Go to the line with "The Department of" in the entries below and write out every line from there through the line with "4조각으로 제공되니 여러 메뉴는 나눠 먹어보라 적혀 있다.", exactly and without pictures.
Information provided START
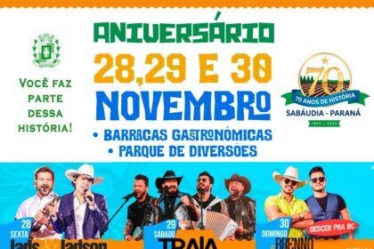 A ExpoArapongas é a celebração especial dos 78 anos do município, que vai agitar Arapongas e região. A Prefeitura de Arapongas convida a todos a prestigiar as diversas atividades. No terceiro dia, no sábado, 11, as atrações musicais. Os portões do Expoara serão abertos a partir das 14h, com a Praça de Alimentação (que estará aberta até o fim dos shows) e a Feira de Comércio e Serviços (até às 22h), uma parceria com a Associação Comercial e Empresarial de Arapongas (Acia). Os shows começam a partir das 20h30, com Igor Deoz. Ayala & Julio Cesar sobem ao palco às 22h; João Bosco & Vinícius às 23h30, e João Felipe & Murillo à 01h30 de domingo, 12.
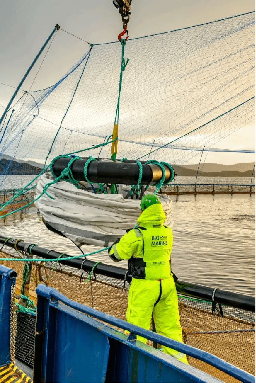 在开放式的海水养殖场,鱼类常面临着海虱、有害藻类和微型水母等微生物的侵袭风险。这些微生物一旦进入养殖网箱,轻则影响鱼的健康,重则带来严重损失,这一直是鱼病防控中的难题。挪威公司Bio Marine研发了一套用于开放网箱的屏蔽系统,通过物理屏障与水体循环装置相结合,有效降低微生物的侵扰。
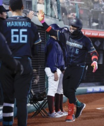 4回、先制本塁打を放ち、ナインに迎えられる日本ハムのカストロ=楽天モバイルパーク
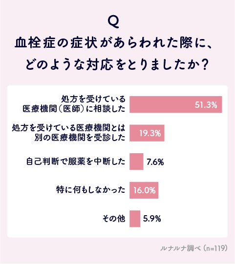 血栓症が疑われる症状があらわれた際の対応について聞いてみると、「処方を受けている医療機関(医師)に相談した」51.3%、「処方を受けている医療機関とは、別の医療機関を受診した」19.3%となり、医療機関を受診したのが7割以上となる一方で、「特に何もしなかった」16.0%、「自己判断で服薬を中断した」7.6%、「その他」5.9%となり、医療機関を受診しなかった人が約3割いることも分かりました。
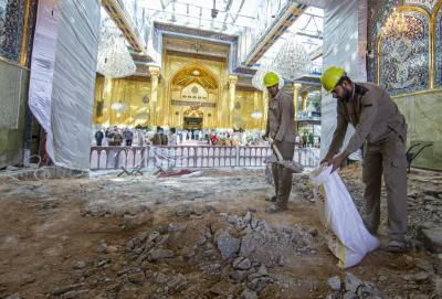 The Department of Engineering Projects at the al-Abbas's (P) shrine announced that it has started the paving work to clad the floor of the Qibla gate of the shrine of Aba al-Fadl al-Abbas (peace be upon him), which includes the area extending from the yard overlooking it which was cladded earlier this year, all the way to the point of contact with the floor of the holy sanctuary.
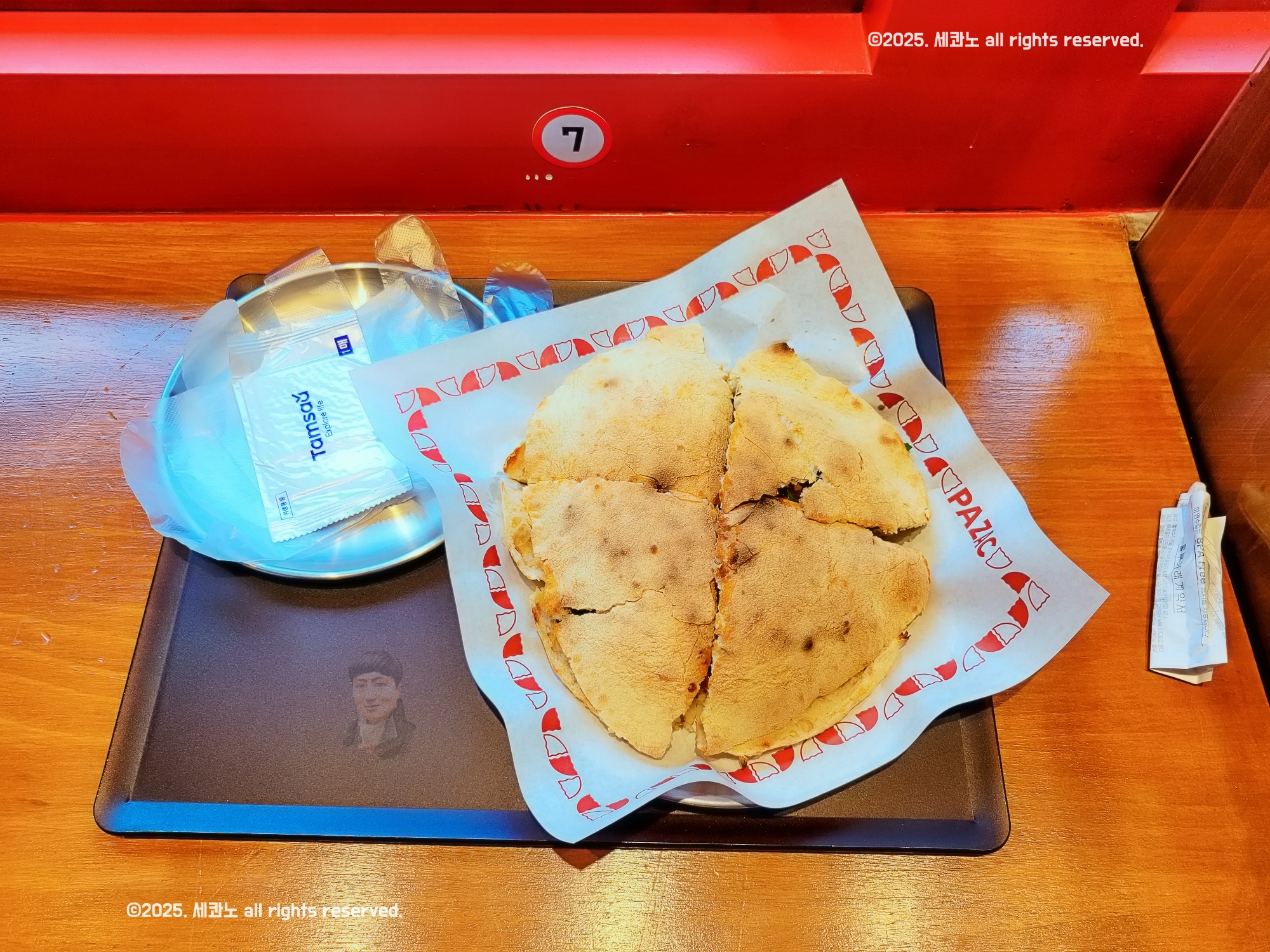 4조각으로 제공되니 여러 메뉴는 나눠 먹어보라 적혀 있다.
Information provided END
Information provided START
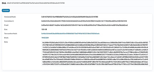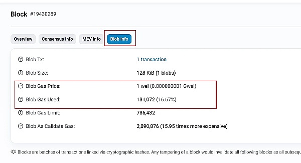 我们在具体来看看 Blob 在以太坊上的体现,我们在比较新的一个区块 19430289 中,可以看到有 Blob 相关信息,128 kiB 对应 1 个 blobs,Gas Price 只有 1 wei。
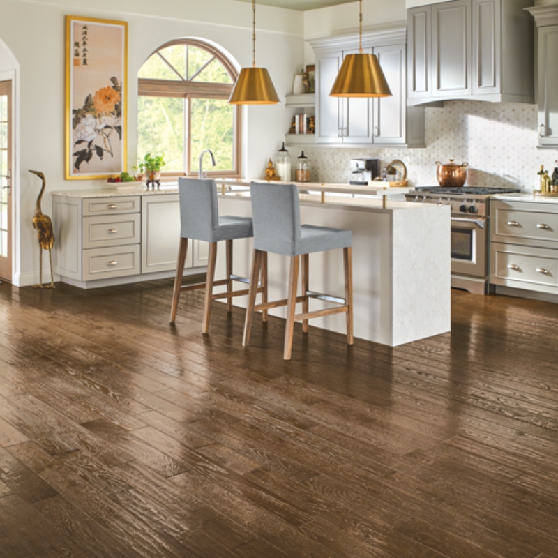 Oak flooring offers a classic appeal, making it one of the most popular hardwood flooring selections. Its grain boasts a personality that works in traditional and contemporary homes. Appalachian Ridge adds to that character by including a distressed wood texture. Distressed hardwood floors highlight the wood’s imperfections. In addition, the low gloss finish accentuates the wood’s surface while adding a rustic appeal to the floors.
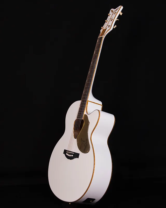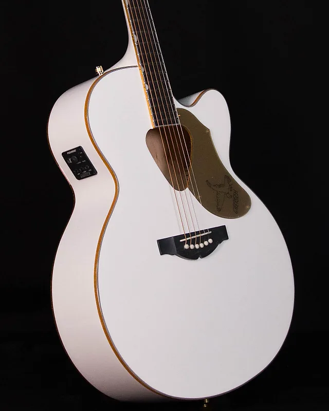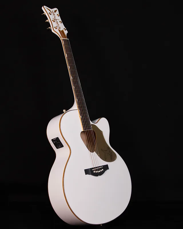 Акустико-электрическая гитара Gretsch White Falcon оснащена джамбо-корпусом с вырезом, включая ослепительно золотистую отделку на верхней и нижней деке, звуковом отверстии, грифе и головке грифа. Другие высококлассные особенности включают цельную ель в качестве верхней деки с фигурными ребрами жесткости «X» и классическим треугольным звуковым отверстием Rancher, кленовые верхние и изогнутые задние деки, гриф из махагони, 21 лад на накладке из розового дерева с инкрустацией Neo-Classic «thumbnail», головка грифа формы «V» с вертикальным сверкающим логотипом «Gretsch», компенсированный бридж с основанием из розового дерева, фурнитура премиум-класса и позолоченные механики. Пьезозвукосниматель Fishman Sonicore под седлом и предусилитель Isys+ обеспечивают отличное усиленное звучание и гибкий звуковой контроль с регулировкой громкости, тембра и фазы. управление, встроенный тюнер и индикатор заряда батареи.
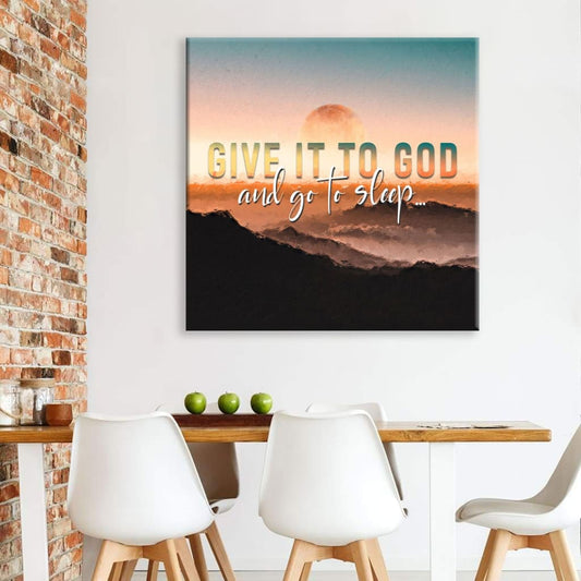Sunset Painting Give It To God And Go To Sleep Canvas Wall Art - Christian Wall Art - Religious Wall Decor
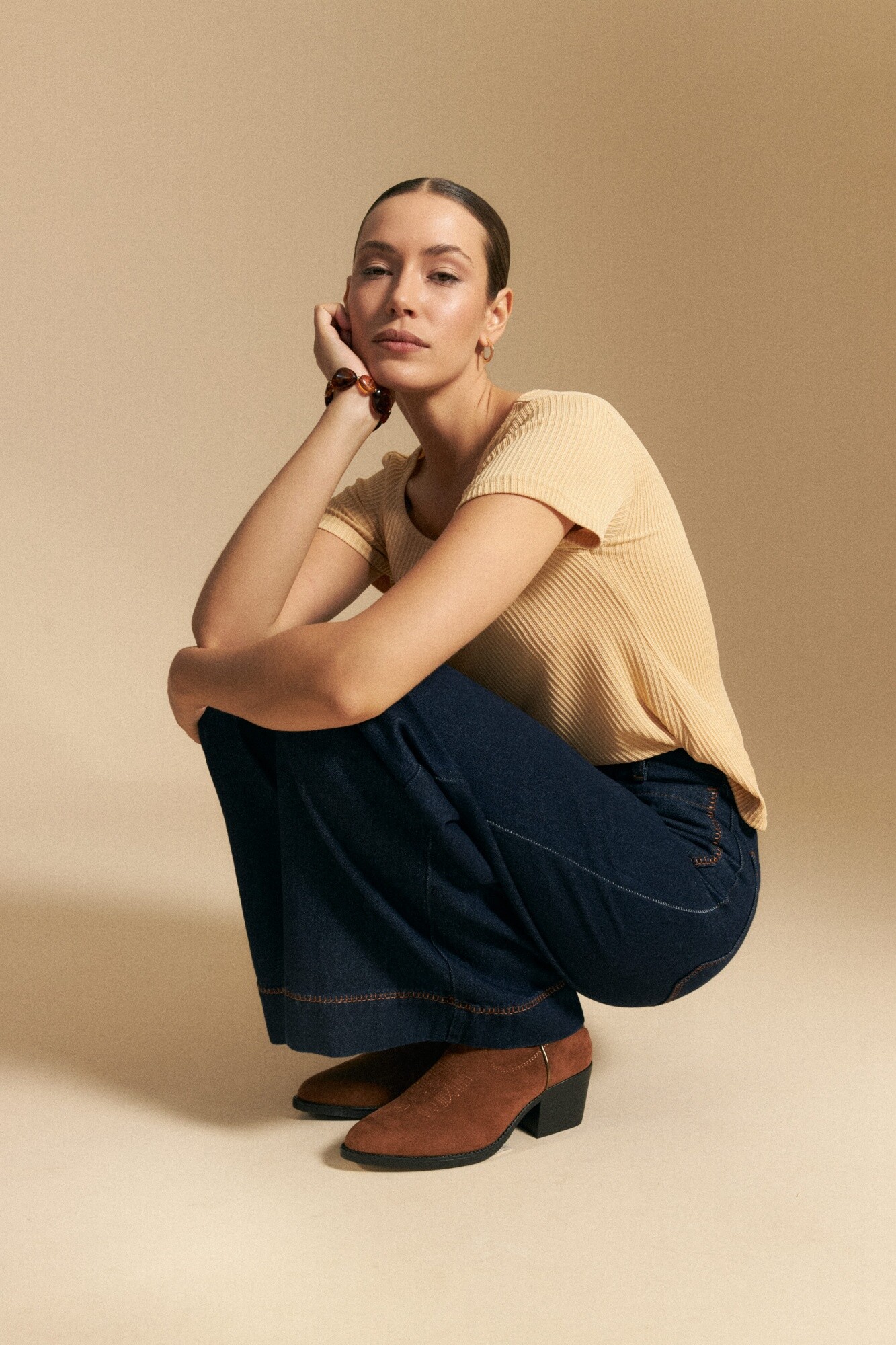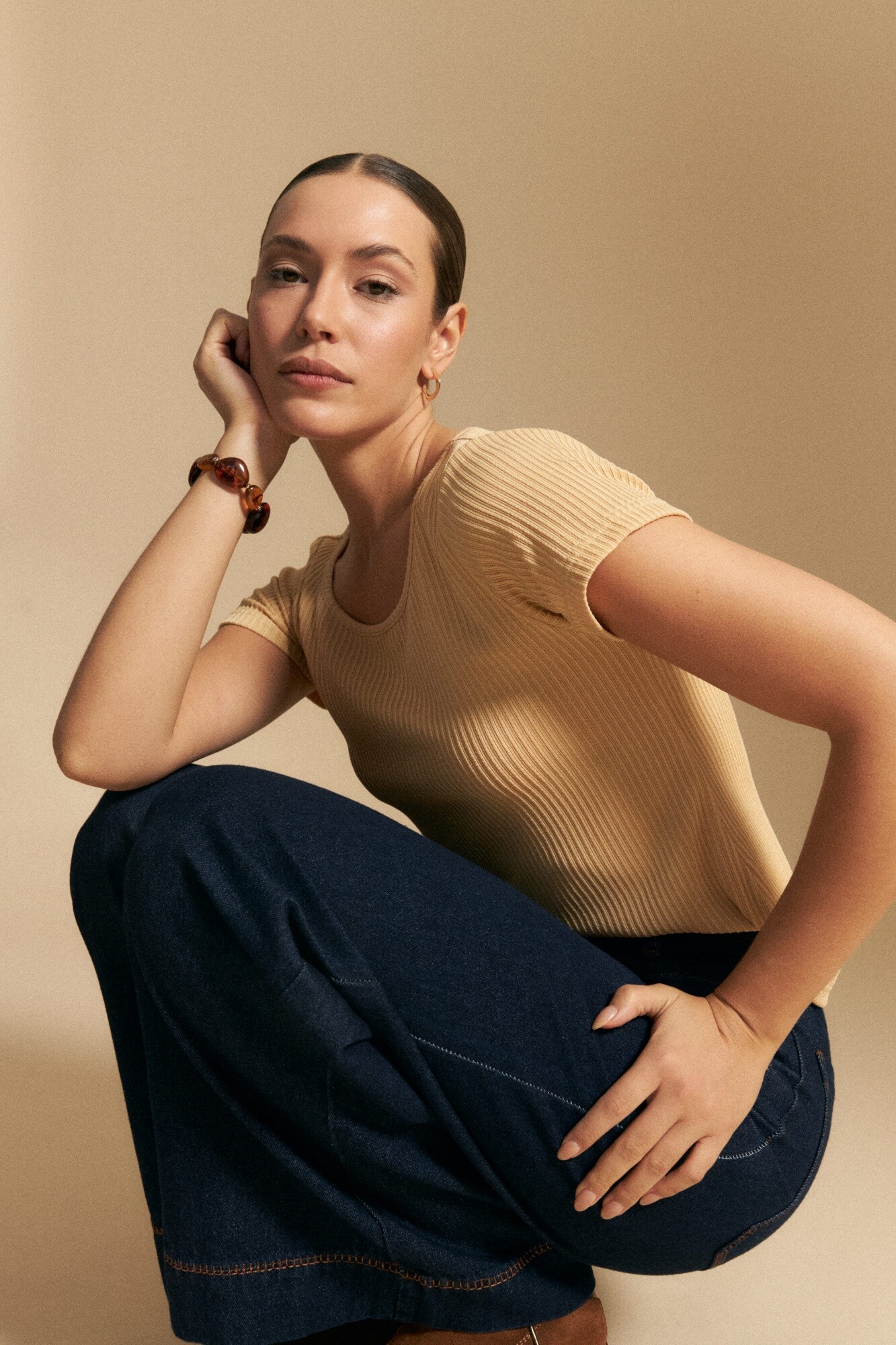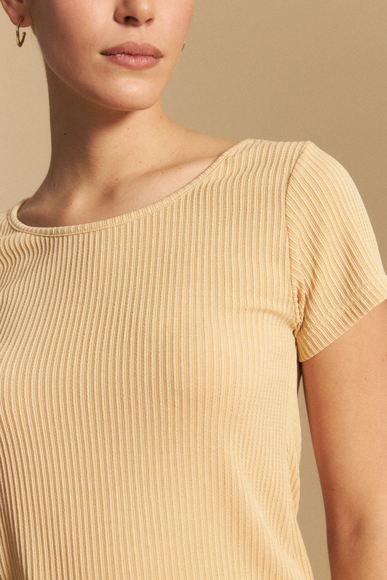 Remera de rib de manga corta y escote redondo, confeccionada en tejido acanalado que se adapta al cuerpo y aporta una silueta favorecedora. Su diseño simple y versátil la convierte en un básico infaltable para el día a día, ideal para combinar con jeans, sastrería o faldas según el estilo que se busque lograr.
Information provided END
» Task answer:
 The Department of Engineering Projects at the al-Abbas's (P) shrine announced that it has started the paving work to clad the floor of the Qibla gate of the shrine of Aba al-Fadl al-Abbas (peace be upon him), which includes the area extending from the yard overlooking it which was cladded earlier this year, all the way to the point of contact with the floor of the holy sanctuary.
 4조각으로 제공되니 여러 메뉴는 나눠 먹어보라 적혀 있다.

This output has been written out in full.